◆ **Goal of the exercise**:
The result is the exact lines from the one containing "This means 78.1%" through the final line of the entries; leave out the pictures.

------------------------------------------------------------

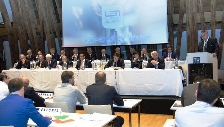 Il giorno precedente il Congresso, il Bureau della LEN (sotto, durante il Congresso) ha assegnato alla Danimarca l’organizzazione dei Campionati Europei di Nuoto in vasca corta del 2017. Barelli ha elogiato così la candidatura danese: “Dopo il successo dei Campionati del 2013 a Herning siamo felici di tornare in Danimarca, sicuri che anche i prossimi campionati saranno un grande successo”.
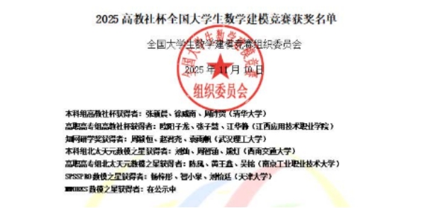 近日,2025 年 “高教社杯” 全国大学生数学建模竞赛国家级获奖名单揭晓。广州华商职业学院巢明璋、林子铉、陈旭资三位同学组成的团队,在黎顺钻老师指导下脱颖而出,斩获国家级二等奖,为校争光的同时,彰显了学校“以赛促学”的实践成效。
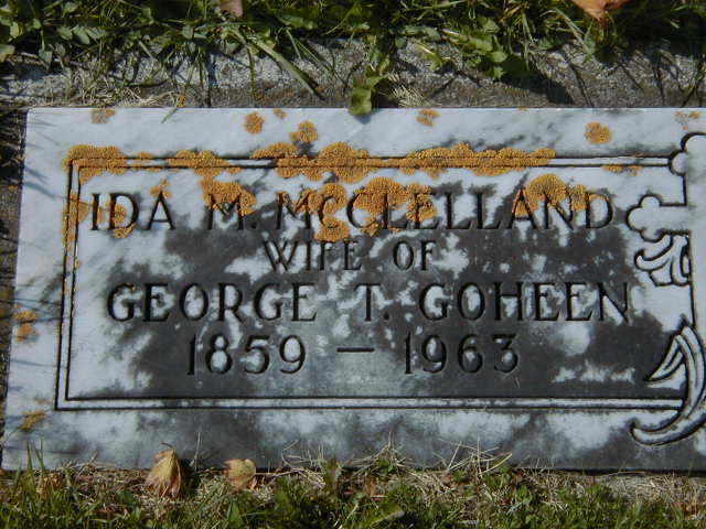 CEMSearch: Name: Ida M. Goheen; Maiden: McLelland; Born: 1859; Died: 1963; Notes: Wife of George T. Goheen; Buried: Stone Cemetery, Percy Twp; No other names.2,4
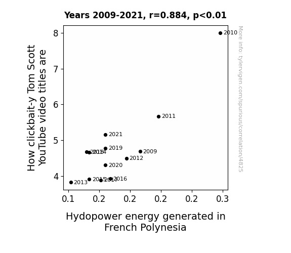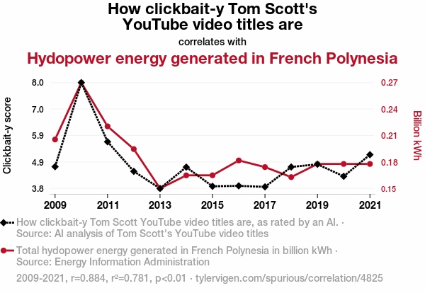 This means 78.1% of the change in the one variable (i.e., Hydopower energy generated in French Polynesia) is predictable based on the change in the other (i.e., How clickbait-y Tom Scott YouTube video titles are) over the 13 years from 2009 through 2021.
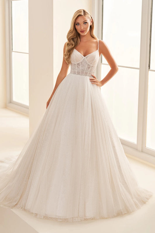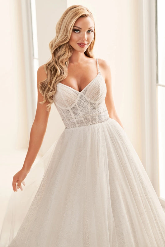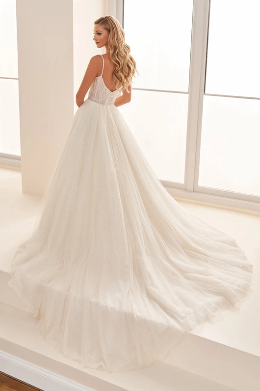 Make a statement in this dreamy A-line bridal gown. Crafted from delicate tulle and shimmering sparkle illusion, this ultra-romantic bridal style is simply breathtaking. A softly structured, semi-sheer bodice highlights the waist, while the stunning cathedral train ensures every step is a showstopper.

------------------------------------------------------------

◆ **Answer for this exercise**:
 This means 78.1% of the change in the one variable (i.e., Hydopower energy generated in French Polynesia) is predictable based on the change in the other (i.e., How clickbait-y Tom Scott YouTube video titles are) over the 13 years from 2009 through 2021.
 Make a statement in this dreamy A-line bridal gown. Crafted from delicate tulle and shimmering sparkle illusion, this ultra-romantic bridal style is simply breathtaking. A softly structured, semi-sheer bodice highlights the waist, while the stunning cathedral train ensures every step is a showstopper.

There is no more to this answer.